What if you move from a protocol signatory firm to a non-signatory firm? Well, in my experience, the protocol firm will say you CANNOT take the client list and will threaten to sue. The good news is, some courts understand that industry standards mean more than one brokerage house and their veiled threats:
Breakaway Brokers See Protocol Protection
By Annie Gasparro
A DOW JONES NEWSWIRES COLUMN
“NEW YORK — Brokers who flee wirehouses for an independent model may not have to fret about being legally pursued by their powerful former employers.”
WAIT – I already disagree with Annie, the author. You do have to fret about being pursued. You always have to fret that – at least now you may have some peace, that the house won’t be successful.
Ok, back to the article:
“Brokerage firms often seek temporary restraining orders to prevent brokers from taking clients with them when they leave. This threat can make some advisers hesitant to go independent, but a recent broker victory in Indiana could establish an industrywide protocol.
In this case, the judge ruled that even though neither company was a member of the Protocol for Broker Recruiting agreement, the standards still apply.
The protocol allows brokers to take client names, contact information and account types, but no account details. It was first signed by Citigroup Inc. (C), UBS AG (UBS) and Merrill Lynch & Co. in August 2004. Since then, more than 100 other brokerage firms and registered investment advisers have joined.
Because all major brokerages are members of the agreement, the court decided it should be the industry standard, said Paul Lieberman, lead counsel and associate director of litigation at Hamburger Law Firm.
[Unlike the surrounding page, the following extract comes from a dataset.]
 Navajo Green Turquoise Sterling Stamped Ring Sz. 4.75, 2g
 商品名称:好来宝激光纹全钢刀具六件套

As long as advisers comply with those guidelines and the terms of their contracts, the brokerage giants should not be able to obtain restraining orders against them.
“I was pleasantly surprised to hear that in court,” Lieberman said. “If the judge issues a [written] ruling” it is likely to set a precedent, he said. “We will certainly be using it in other cases like this.”
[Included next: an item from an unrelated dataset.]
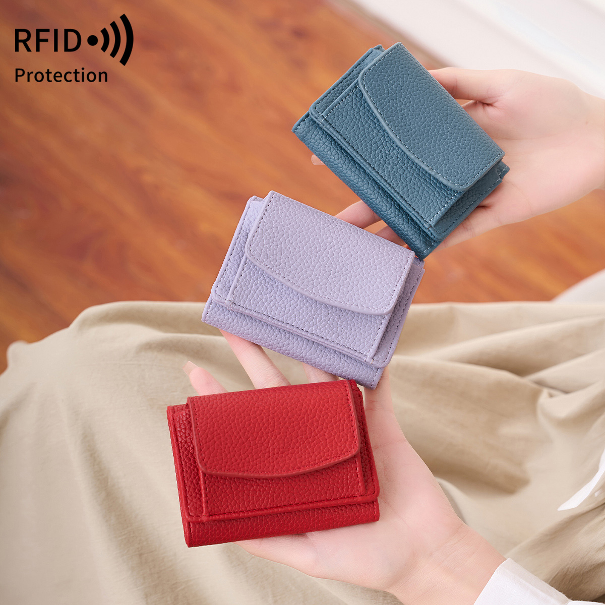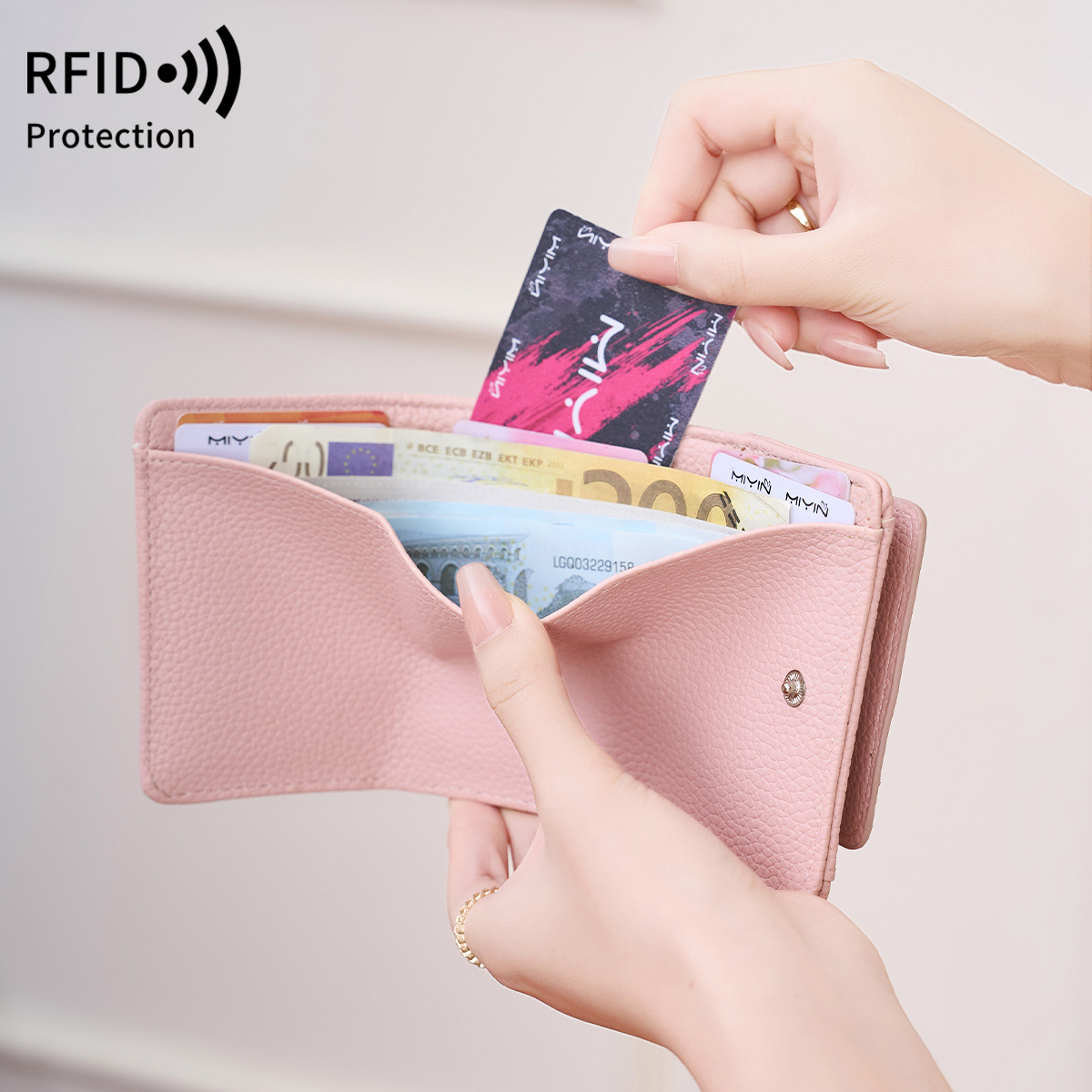 Ví mini nhỏ dễ thương cho phụ nữ, có chức năng chắn RFID, ví gập ba đa năng tối giản, ví đựng tiền xu cho nữ, túi đựng thẻ thời trang và nhỏ gọn.

In the case filed in the U.S. District Court for the Southern District of Indiana, a brokerage house alleged that the departing advisers breached client confidentiality, among other things. The Hamburger Law Firm successfully argued that the brokers were in compliance with their contracts and that the clients have a right to stay with the advisers when they move.
For brokers considering going independent but fearing legal action from their former employers, the ruling shed light on the process. Going independent is much riskier legally than jumping from one wirehouse to another, Lieberman said, because the brokers are more responsible for their own compliance and legal advice.
With the protection of the protocol agreement, indie advisers would be untouchable as long as they follow the terms themselves.”
AGAIN – ANNIE, I disagree. They can still be sued and forced to defend themselves. This is not exactly “untouchable,” but it is some good news.